Single by Bow Wow featuring Ciara

from the album Wanted
- B-side: "The Don, the Dutch"
- Released: July 12, 2005
- Studio: Southside (Atlanta, Georgia)
- Genre: Hip hop; R&B;
- Length: 3:24
- Label: Columbia; Sony Urban Music;
- Songwriters: Jermaine Dupri; Johntá Austin; Jaron Alson; Ricky Bell; Ralph Tresvant;
- Producers: Jermaine Dupri; Bryan Michael Cox;

Bow Wow singles chronology
| "Let Me Hold You" (2005) | "Like You" (2005) | "I Think They Like Me (Remix)" (2005) |

Ciara singles chronology
| "Lose Control" (2005) | "Like You" (2005) | "And I" (2005) |

Music video
- "Like You" on YouTube

= Like You (Bow Wow song) =

2005 single by Bow Wow

"Like You" is a song by American rapper Bow Wow featuring singer Ciara. It was written by Jermaine Dupri, Jaron Alston, and Johntá Austin, and produced by Dupri and Bryan Michael Cox for Bow Wow's fourth album Wanted (2005).

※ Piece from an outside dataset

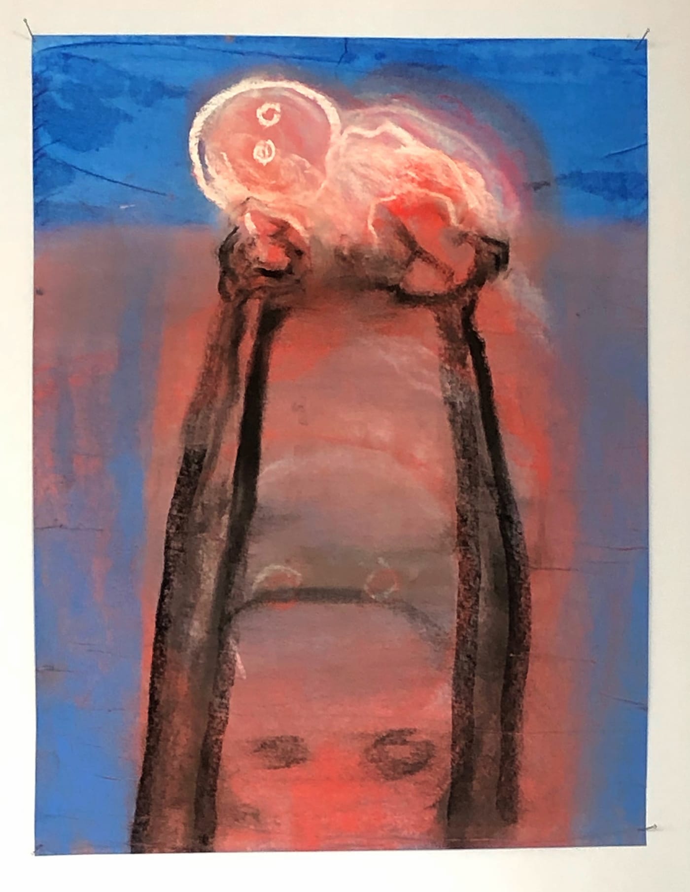 Cahn’s political consciousness informs many of the works on view in I as Human, sometimes in an oblique or nuanced manner, and sometimes not, touching on such topics as war, Europe’s refugee crisis, racism and bigotry, or sexually motivated violence, explicitly that against women. In “ohne titel, 11.5.17” (“untitled, 11.5.17,” 2017, watercolor and pastel on paper) an emaciated figure raises its arms to hold a spectral infant high above its head. In “gebet, 30.11.+1.12.03” (“prayer, 30.11.+1.12.03,” 2003, oil on canvas), a naked figure in repose — or is it dead? — covers its crotch with clenched hands, and in “BLAU, 21.07.17” (“BLUE, 21.07.17,” 2017, oil on canvas), a group of phantom-like figures fall like unmoored bodies in a blue, glowing, dream-like cascade.
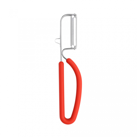 Peeler, dual serrated blade with blade protector, integrated side cutter, soft TPE coated handle, Japanese stainless steel blade

The song includes the keyboard chord of New Edition's "I'm Leaving You Again" written by Jaron Alson, Ricky Bell, and Ralph Tresvant. "Like You" was released as the album's second single on July 12, 2005, reaching atop the Billboard Hot R&B/Hip-Hop Songs chart and peaking at number three on the Billboard Hot 100, giving Bow Wow his second top 10 hit on that chart, as was Ciara's fifth. The song also charted in the top 40 in countries like Ireland, Germany and the UK. To date, "Like You" remains Bow Wow's highest charting song.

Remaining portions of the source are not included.